WHAT THE TASK ASKS: Make an exact copy, without pictures, of the lines below from the one containing "Questions you should" to the last line, both ends included.

RECORDED DATA:
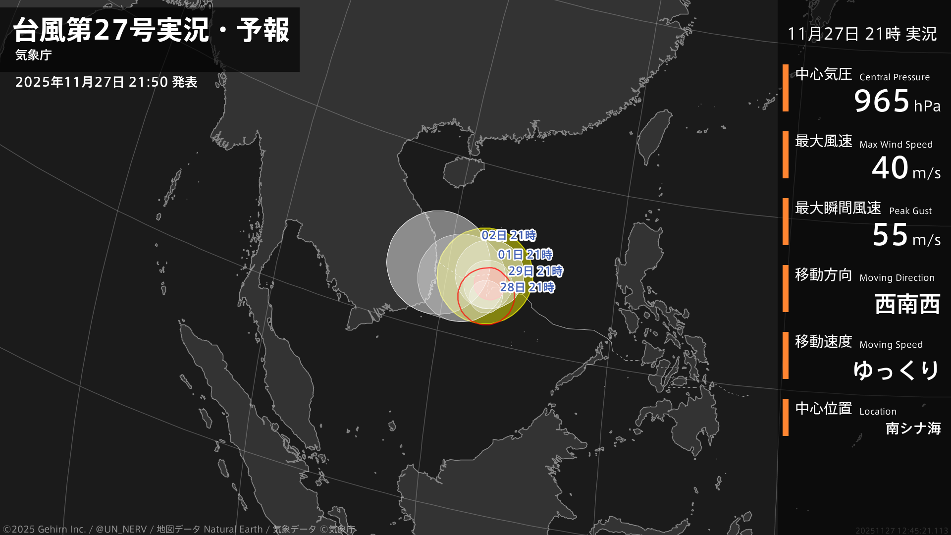【台風第27号実況・予報 2025年11月27日 21:45】
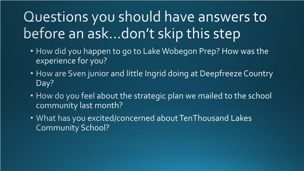 Questions you should have answers to before an ask…don’t skip this step • How did you happen to go to Lake Wobegon Prep? How was the experience for you? • How are Sven junior and little Ingrid doing at Deepfreeze Country Day? • How do you feel about the strategic plan we mailed to the school community last month? • What has you excited/concerned about TenThousand Lakes Community School?
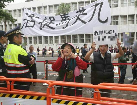 但另一邊,抗議者拉出橫幅“活捉馬英九”,高喊“收押馬英九”
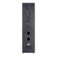 • Gabinete sólido de MDF de baja resonancia con bordes redondeados en la parte delantera y trasera

RESPONSE TO THIS TASK:
 Questions you should have answers to before an ask…don’t skip this step • How did you happen to go to Lake Wobegon Prep? How was the experience for you? • How are Sven junior and little Ingrid doing at Deepfreeze Country Day? • How do you feel about the strategic plan we mailed to the school community last month? • What has you excited/concerned about TenThousand Lakes Community School?
 但另一邊,抗議者拉出橫幅“活捉馬英九”,高喊“收押馬英九”
 • Gabinete sólido de MDF de baja resonancia con bordes redondeados en la parte delantera y trasera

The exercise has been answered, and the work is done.